### Notebook Teaching Objective

The aim of this notebook is to show the participants how the ***GAN loss*** are computed and what are the ***inputs*** of the models which implicitely affect the losses. 

Compared to the other notebooks we are introducing VGG and Feature Matching Loss.

##### Analysis of original function

In the forward pass the different losses used for the training are defined. The most important components of the forward pass are the following:

Networks to be trained to generate and discriminate
1. ``self.netG``: the generator network
2. ``self.netD``: the discriminator network

Loss Discriminator
1. ``loss_D_fake``, discriminator loss from discriminating fake generated images: -log(1-D(G(z)))
2. ``loss_D_real``, discriminator loss from discriminating real images sampled from data: -log(D(x))

Loss Generator
1. ``loss_G_Gan``, generator loss from the "Fake Pass Loss" which label the fake images as correct


***Original Function***

In [None]:
def forward(self, label, inst, image, feat, infer=False):
    # Encode Inputs
    input_label, inst_map, real_image, feat_map = self.encode_input(label, inst, image, feat)  

    # Fake Generation
    if self.use_features:
        if not self.opt.load_features:
            feat_map = self.netE.forward(real_image, inst_map)                     
        input_concat = torch.cat((input_label, feat_map), dim=1)                        
    else:
        input_concat = input_label
    # TODO----------------------#    
    fake_image = self.netG.forward(input_concat.float())

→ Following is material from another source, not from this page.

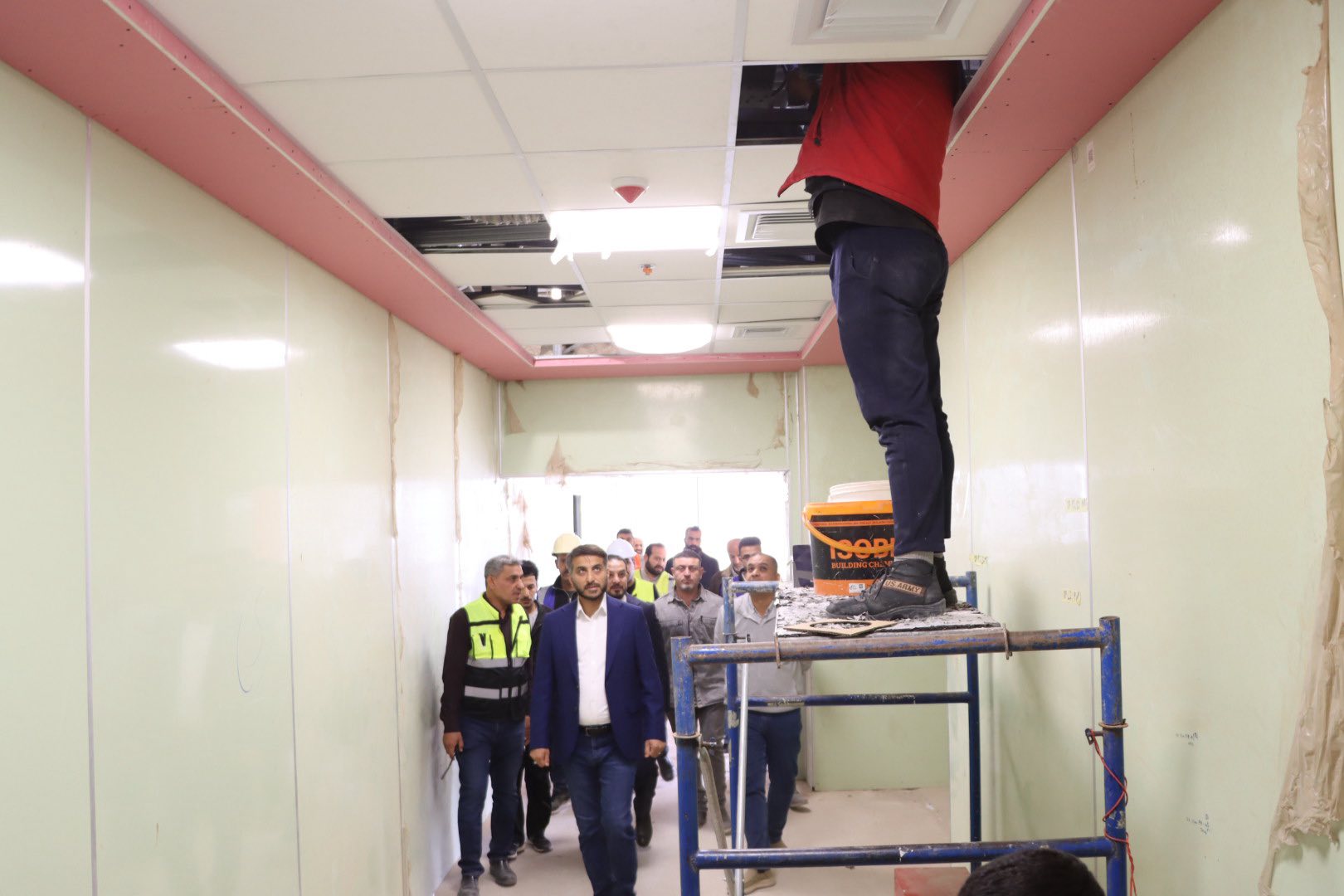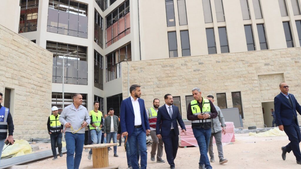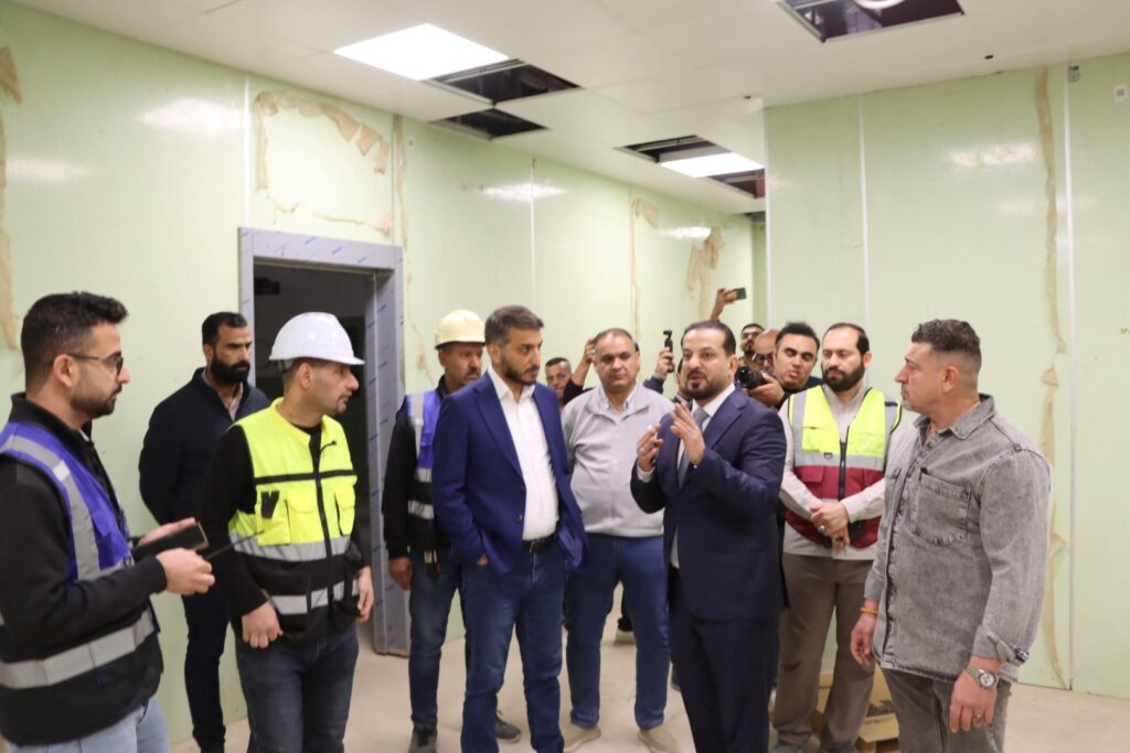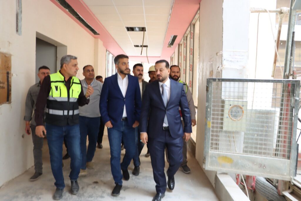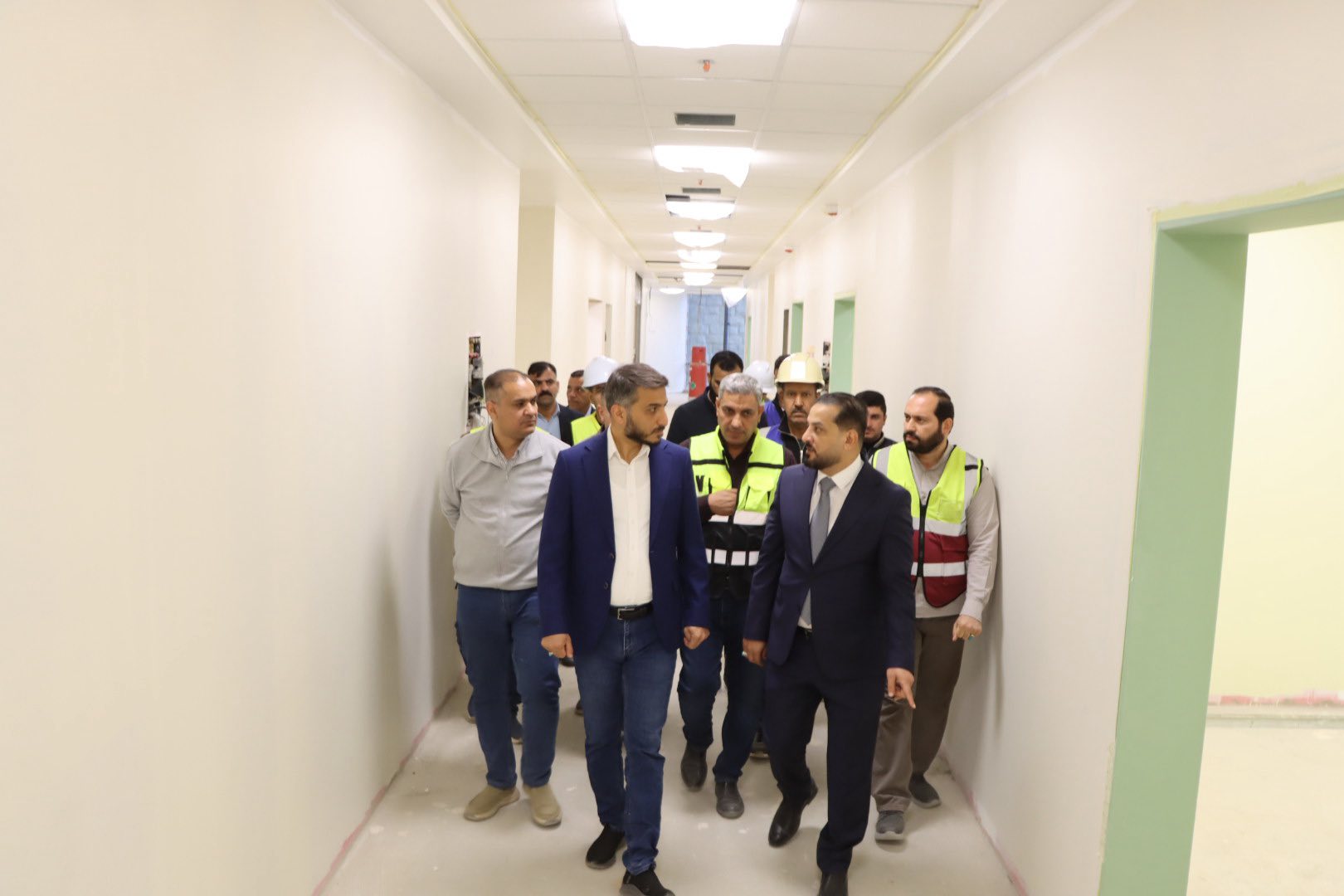 The Governor of Najaf, Eng. Youssef Ganawi, conducted a field visit to the Al-Hakim General Hospital project, accompanied by Director General Dr. Abdullah Al-Ghazali, to review the implementation stages and current progress. The tour included inspecting the construction works and reviewing the equipment being prepared in line with the medical nature of the project.
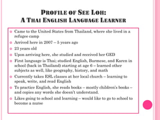 This document summarizes research on the Thai language and profiles a Thai English language learner named See Loh. It compares features of the Thai and English languages, such as Thai having 44 consonants and 32 vowels while English has 26 letters. It also discusses See Loh's language errors and interlanguage development, noting differences between Thai and English grammar contribute to her mistakes. The document concludes that understanding these differences can help educators properly instruct Thai English learners.

    # Fake Detection and Loss
    pred_fake_pool = self.discriminate(input_label, fake_image, use_pool=True)
    loss_D_fake = self.criterionGAN(pred_fake_pool, False)        

    # Real Detection and Loss        
    pred_real = self.discriminate(input_label, real_image)
    loss_D_real = self.criterionGAN(pred_real, True)

    # GAN loss (Fake Passability Loss)        
    pred_fake = self.netD.forward(torch.cat((input_label, fake_image), dim=1))        
    loss_G_GAN = self.criterionGAN(pred_fake, True)               

    # GAN feature matching loss
    loss_G_GAN_Feat = 0
    if not self.opt.no_ganFeat_loss:
        feat_weights = 4.0 / (self.opt.n_layers_D + 1)
        D_weights = 1.0 / self.opt.num_D
        for i in range(self.opt.num_D):
            for j in range(len(pred_fake[i])-1):
                loss_G_GAN_Feat += D_weights * feat_weights * \
                    self.criterionFeat(pred_fake[i][j], pred_real[i][j].detach()) * self.opt.lambda_feat

    # VGG feature matching loss
    loss_G_VGG = 0
    if not self.opt.no_vgg_loss:
        loss_G_VGG = self.criterionVGG(fake_image, real_image) * self.opt.lambda_feat

    # Only return the fake_B image if necessary to save BW
    return [ self.loss_filter( loss_G_GAN, loss_G_GAN_Feat, loss_G_VGG, loss_D_real, loss_D_fake ), None if not infer else fake_image ]

In order to make the notebook of easier comprehension, the functions have been simplified and commented.

``forward`` function modifications:

-``netE``: not in use

-``nwtG`` and ``netD`` become functions themselves which are initialized before

-``self.encode_input`` become a separate function to explain what goes into the model and is placed outside the forward to teach the audience what goes in the forward path and needs to be encoded. The encoding part itself is probably irrelevant, but a independent function has to be created if an example of forward pass has to be created.

The forward pass is the most interesting one, here we can show it detached from the class itself, and then when we show the training loop, we highlight where the model calls it.



*Ideas to clean up the function more*:

-``criterionGAN`` becomes a function

-condition of training the gan based on the generator and discriminator features' neurons.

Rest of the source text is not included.